Essential Will Information
Date: November 08, 2006
Authors: Frank Egan B.A., LL.B., A.C.L.A., F.T.I.A. (Notary)
Many people today make their own wills and this approach is fraught with danger. A will is a written declaration that sets out how a person wants their assets to be distributed to their beneficiaries following death. It is one of the most important documents that anyone will ever execute at any time in their life as it disposes of their entire estate which represents the sum total of all assets at a particular point in time namely, the date of death. Making a will can be and often is a highly complex task which requires the services of an accomplished draftsman namely a lawyer. Do-it-Yourself wills are dangerous as they lack the sophistication necessary to properly reflect the true intention of the testator or testatrix and often fail such that the intended beneficiaries do not receive the gift/s referred to in the will. Cheap wills are exactly that - you only get what you pay for. How can one size fit all?

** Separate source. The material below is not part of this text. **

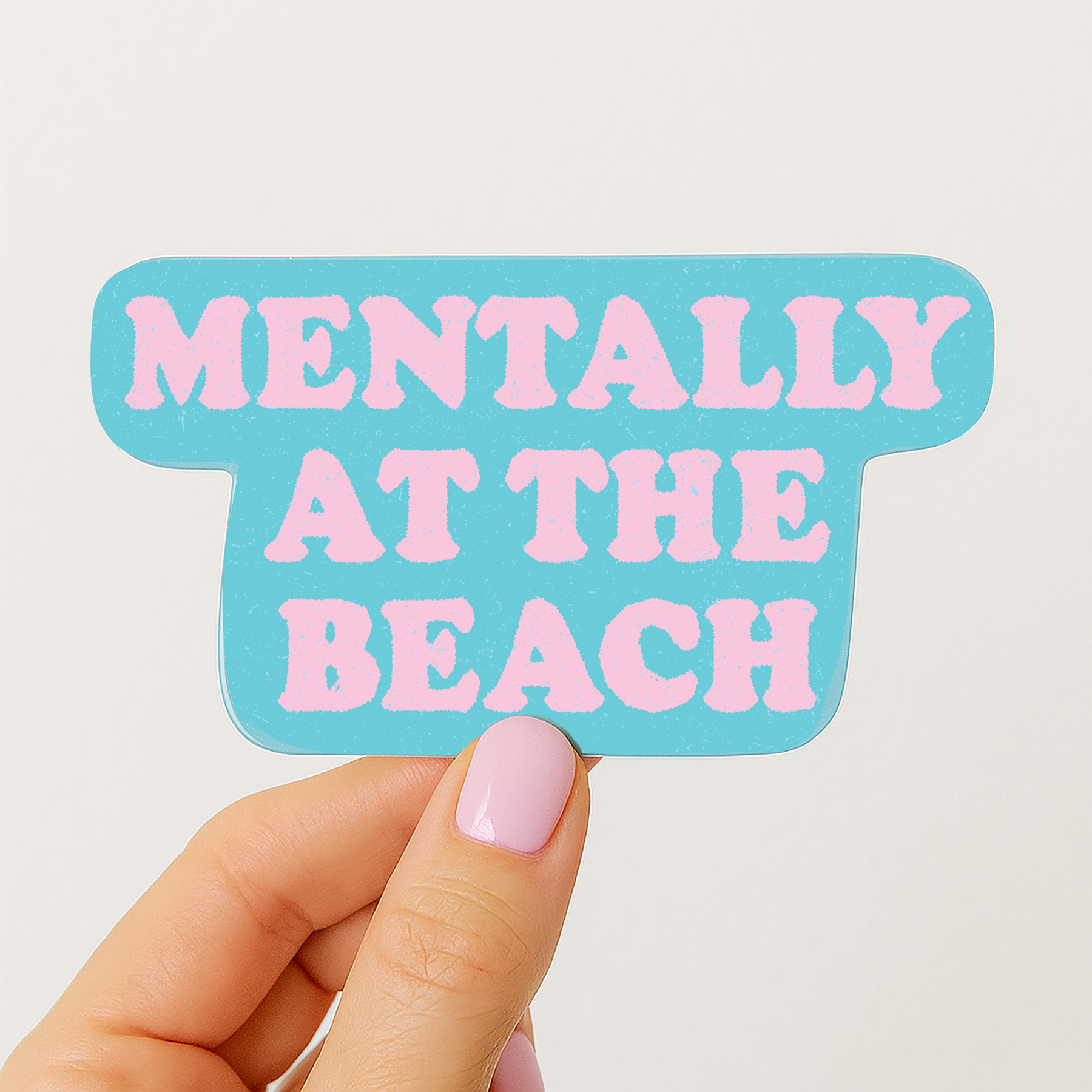 Escape to the coast anytime with our “Mentally at the Beach” vinyl sticker – featuring bold retro lettering in pastel pink on a seafoam blue background. With a fun, sun-washed vibe, this die-cut decal is made for beach lovers, daydreamers, and anyone who’s always mentally seaside. Perfect for water bottles, coolers, laptops, and journals.

Everyone over the age of 18 should have a will drafted by a lawyer to ensure it is valid so your estate can be distributed as quickly and as cheaply as possible in the intended manner. On death, without a will, your estate is frozen and distribution delayed except for the payment of funeral expenses. With all wills even the simplest ones there are a number of formal requirements which have to be followed and if not considerable expense may be incurred by the estate to deal with these matters. Litigation is expensive and the amount to be spent with a solicitor to obtain a valid will pales into insignificance against the cost of litigation which could range from approximately $40,000 to $250,000 in the ordinary course. Of course considerable costs will also be incurred where there is either a partial or total failure of a will.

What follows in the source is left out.